Similarly, election forecasts that display mean reversion are inefficient forecasts. If big swings in the probability of a candidate’s victory predictably reverse themselves over the course of days or weeks, the forecast is telling us that the race is more fluid than it actually is. Here is a graph, created by Josh Katz of the New York Times’s Upshot blog, of how that blog’s election forecasts have changed over the summer relative to those of the data journalist Nate Silver’s website FiveThirtyEight:
As you can see, the models generally started and ended the period in question at about the same level. But in between those endpoints, the Upshot forecast stayed relatively stable, while the various FiveThirtyEight forecasts swung strongly toward Donald Trump and then back toward Hillary Clinton.
This sample is undoubtedly cherry-picked. To see which model is really more volatile, you would need to compare these forecasts over the long run. But Katz's graph includes the Republican and Democratic national conventions, so it presents a good picture of how both websites’ models responded to those important events.
Why does the Upshot’s model move less? Probably because it’s designed to be stable. The Upshot incorporates polls over a long time period, meaning that temporary movements get averaged out. Thus forecasts that give more weight to recent polls -- which FiveThirtyEight’s models presumably do -- will bounce around more.
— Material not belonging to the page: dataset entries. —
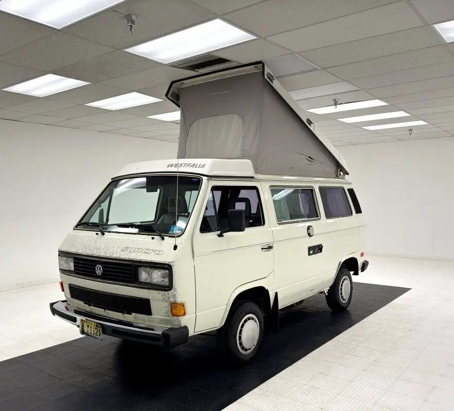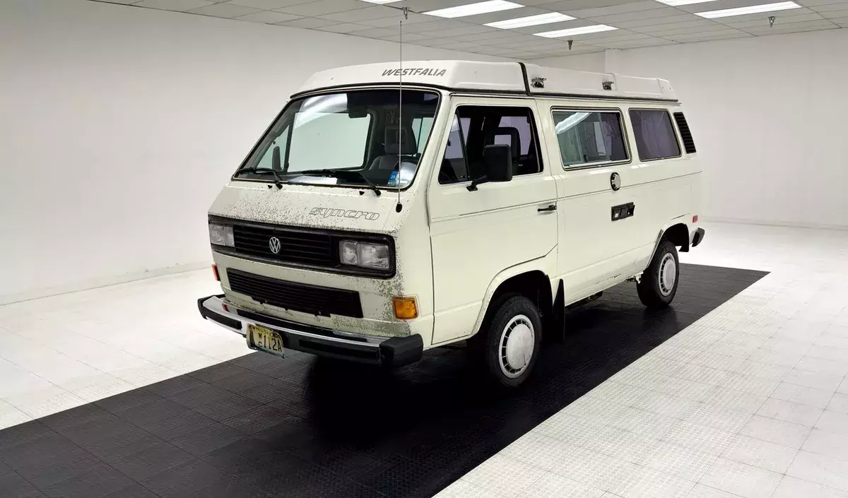 1987 Volkswagen Vanagon GL Syncro Westfalia For consignment, a 1987 Volkswagen GL Syncro Westfalia with a title verified 97,886 actual miles. Purchased from the original owner in 1997, our consignor has put about 13,000 miles on the van with extensive trips through the American Southwest after shipping the van to Utah, as well as jaunts from Colorado to the west coast and back to New Jersey. He states that the engine was refreshed in 1999. Exterior Bathed in single stage Pastel White, and it wears the battle scars of long trips, namely a birdshot pattern of rock chips on the face, and with a billboard flat surface up front, this is not surprising. Beyond that front however, and the paint and body are in very good shape, with an occasional scratch and scuff, and a line of surface rust in a body seam. The cab forward design is unmistakable, and the Syncro sits high on its haunches, poised for some overland treks with all the comforts of home. That includes the roof mounted tent which also provides a pop top roof bed. The sidewalls of the tent are torn but there are aftermarket suppliers with a variety of choices. Vents and hook ups are all in place and intact and the 14inch wheels wear 185R14 tires with a late 2024 date code. Upper panels are populated with windows, tinted in the back and a wide sliding side door allows easy access to the camper section. Interior So much to love here! VW simplicity is found first in the door panels which are based in gray vinyl with a cloth insert and the company's traditional black hardware and all looks clean. The front cloth seats are also patterned in gray with the driver's seat showing some compression and waviness to the side piping, but fully intact with tall, sporty headrests and flip up armrests. For the driver, a simple black steering wheel fronts a no nonsense instrument cluster with speedometer, indicator lights, toggles, and a colorful tachometer showing optimum range and red line. The climate panel and AM/FM/CD radio, (with Aux and USB), blend into the black mid panel under a smooth flat black dash pad. In back, a two seat bench seat in the same gray cloth next to the a swing out table, 2 top burner, sink, refrigerator, and flush door cabinetry. The floor here is rubber and washable and awaits the rug of your choice. In the way back, more cabinets and a flat pad that serves as part of a bed but also provides a storage area and some soundproofing for the rear mounted engine. Interior drapes contribute to the privacy factor. It's all in very good condition, showing a touch of age, but a comfortable little house on wheels. Drivetrain In back, under the floor we find a driver quality 1915cc 4 cylinder engine rated at 95 horsepower and fuel injected. It's mated to a 5-speed manual transmission which sends power to the wheels through 4.09 gears. Power brakes are here as front discs and rear drums. Undercarriage This road warrior has the typical use patina and some surface rust along with chipping paint, but conditions are dry and no invasive rust was found. The single exhaust flows through a stock style muffler and suspension consists of MacPherson strut on front and coil springs on an independent rear set up. Drive-Ability Our consignors drove it to the mall, so we know it runs! And when it was our turn, the van fired right up and we rowed it into gear. Circling the loop, we found a surprisingly eager little engine and the fun experience of sitting very close to the front of the vehicle, and that provides a movie screen view of the road. The van tracks straight, handles well, and stops as it should. Functionally, everything such as lights, horn, and turn signals operate as they should. While Classic Auto Mall represents that these functions were working at the time of our test drive, we cannot guarantee these functions will be working at the time of your purchase. Since Covid, the overlanding phenomenon has exploded. The notion of "staycation" relegated families and individuals to personal trips to parks and backwoods. And while the 4x4 community has embraced it, the Syncro VW Vanagon has been doing it for decades as one of the original small campers that could be driven every day and park in normal sized spots. This well running example has all the amenities for some great staycations, exploring parks and the great outdoors and taking your bedroom and kitchen with you in this now legendary package! Classic Auto Mall is home to more than 1,000 classic and collectible vehicles for sale via consignment in a climate controlled 336,000-square foot showroom (that's more than 8 acres!). The largest single location consignment dealer of classic and collectible vehicles in the country is located in Morgantown, Pennsylvania, just 1-hour west of Philadelphia off Exit 298 of the I-76 Pennsylvania Turnpike. For more information visit or call us at 610-901-3804. Contact us anytime for more information or to come see the vehicle in person. There is no guarantee of mileage. A $299 Dealer Administrative fee is not included in the advertised price. With so many great cars, you know we have a lot to talk about, and we do that each week on the Classic Auto Mall Podcast with host Stewart Howden. Stewart discusses new inventory as well as trends in consignments and car prices, while interviewing celebrities and automotive professionals about amazing cars and their history. Tune in each week to the Classic Auto Mall Podcast wherever you enjoy listening. You can also watch on YouTube!
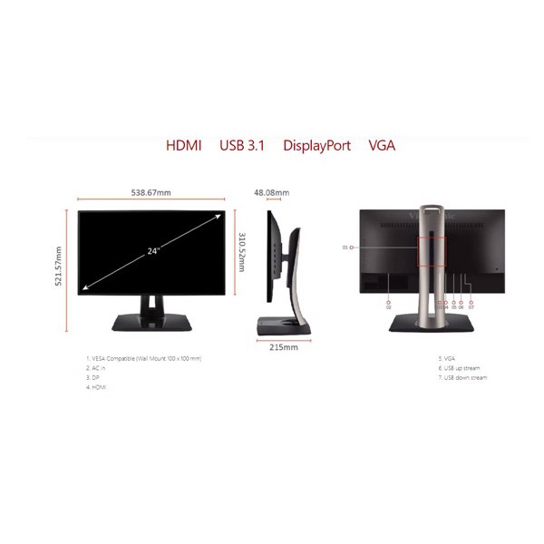Giới thiệu Màn Hình Đồ Họa ViewSonic VP2458 24″/IPS/FHD/60Hz/5ms/100% sRGB - Hàng Chính Hãng
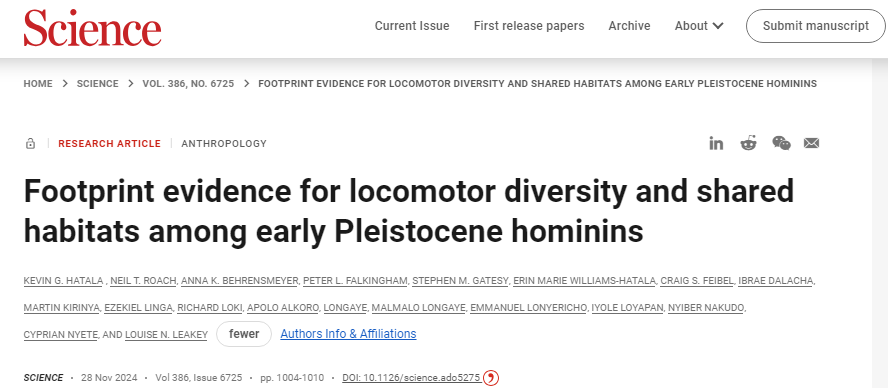 [1] Kevin G. Hatala et al. ,Footprint evidence for locomotor diversity and shared habitats among early Pleistocene hominins.Science386,1004-1010(2024).DOI:10.1126/science.ado5275

So which is better? It depends on what you want out of an election forecast. If you’re following the race for pure entertainment, a more volatile forecast may be more fun to watch. If you’re a betting person, trying to outfox the prediction markets, you probably don’t want to use public forecasts at all, since these are common knowledge -- instead, you’ll want to make your own model, or go with gut instinct, just like if you were betting on interest rates or stocks.
But if you’re a political strategist trying to figure out where your candidate really stands, you might want to be leery of mean-reverting forecasts. A predictably temporary advantage is one you should probably ignore. For example, FiveThirtyEight’s Harry Enten shows a model of how convention bounces tend to fade over time, based on historical precedent:
If a forecast doesn’t subtract these bounce projections, it’s basically taking a stand that this time is different. But this assumption could lead to forecasts that give unjustified confidence first to Republicans, then to Democrats, as the conventions unfold.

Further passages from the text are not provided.